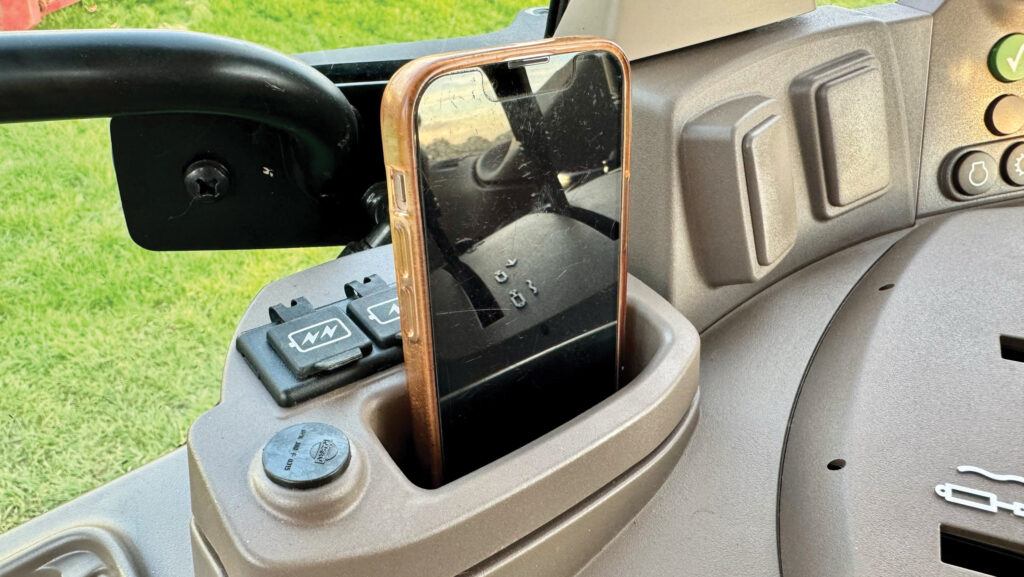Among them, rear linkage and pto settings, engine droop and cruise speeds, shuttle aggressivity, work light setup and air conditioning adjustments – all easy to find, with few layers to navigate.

--

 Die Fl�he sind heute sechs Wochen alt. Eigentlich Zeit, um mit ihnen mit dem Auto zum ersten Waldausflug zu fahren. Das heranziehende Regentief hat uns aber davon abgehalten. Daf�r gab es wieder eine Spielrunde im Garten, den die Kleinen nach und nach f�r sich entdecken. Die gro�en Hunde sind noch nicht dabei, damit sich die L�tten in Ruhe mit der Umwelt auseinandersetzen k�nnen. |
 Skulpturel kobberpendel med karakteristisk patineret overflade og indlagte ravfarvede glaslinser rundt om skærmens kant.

---

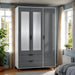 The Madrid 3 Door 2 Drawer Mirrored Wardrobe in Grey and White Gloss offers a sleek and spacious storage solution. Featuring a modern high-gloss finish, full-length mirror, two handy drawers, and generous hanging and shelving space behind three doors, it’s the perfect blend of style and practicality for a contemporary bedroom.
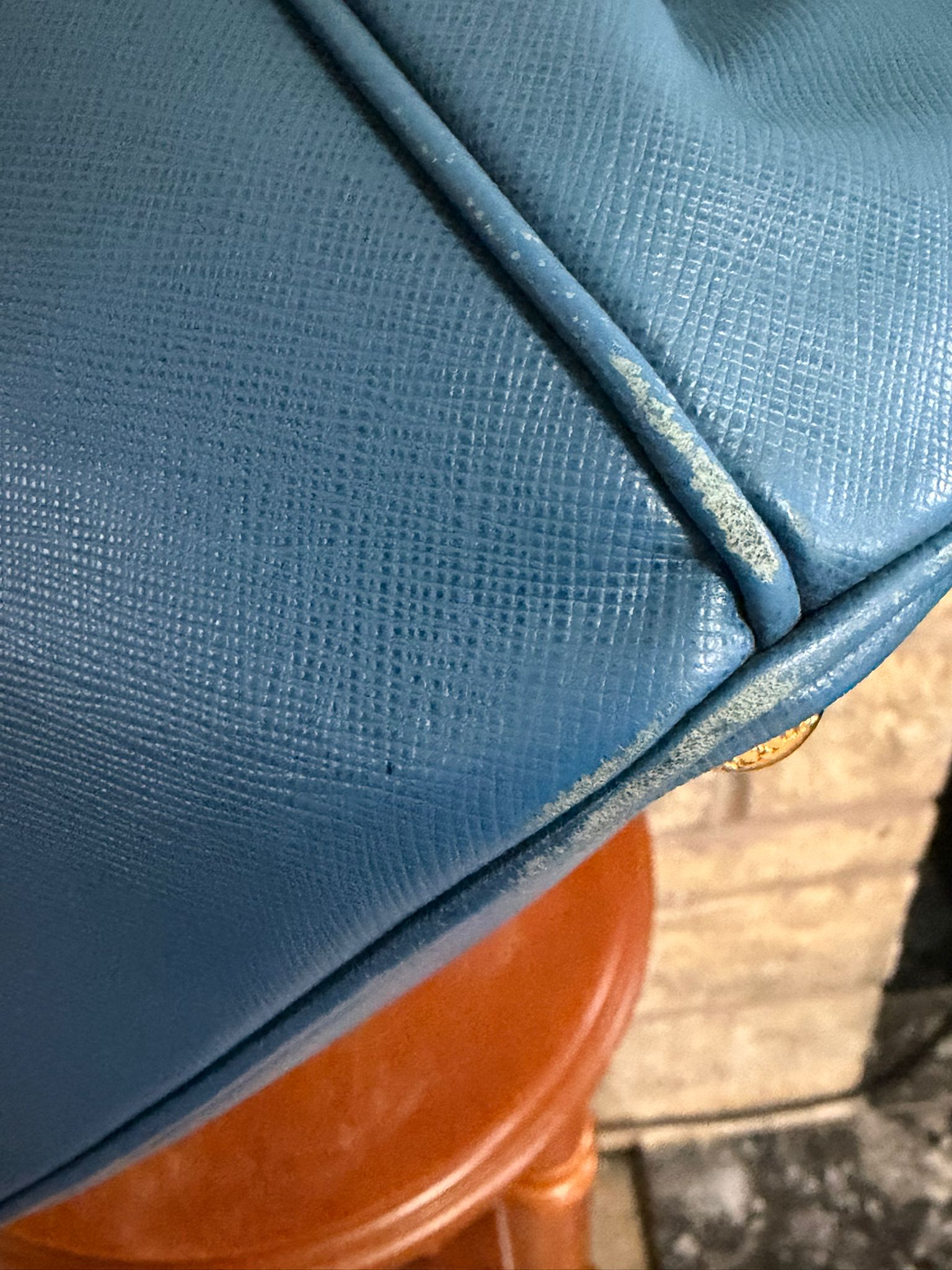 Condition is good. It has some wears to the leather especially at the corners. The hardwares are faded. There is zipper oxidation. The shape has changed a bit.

> _How to complete this task_:
The lines above from the line with "The Madrid 3" through the line with "Condition is good." are to be given again word for word, with no pictures among them.

> _Answer to the exercise_:
 The Madrid 3 Door 2 Drawer Mirrored Wardrobe in Grey and White Gloss offers a sleek and spacious storage solution. Featuring a modern high-gloss finish, full-length mirror, two handy drawers, and generous hanging and shelving space behind three doors, it’s the perfect blend of style and practicality for a contemporary bedroom.
 Condition is good. It has some wears to the leather especially at the corners. The hardwares are faded. There is zipper oxidation. The shape has changed a bit.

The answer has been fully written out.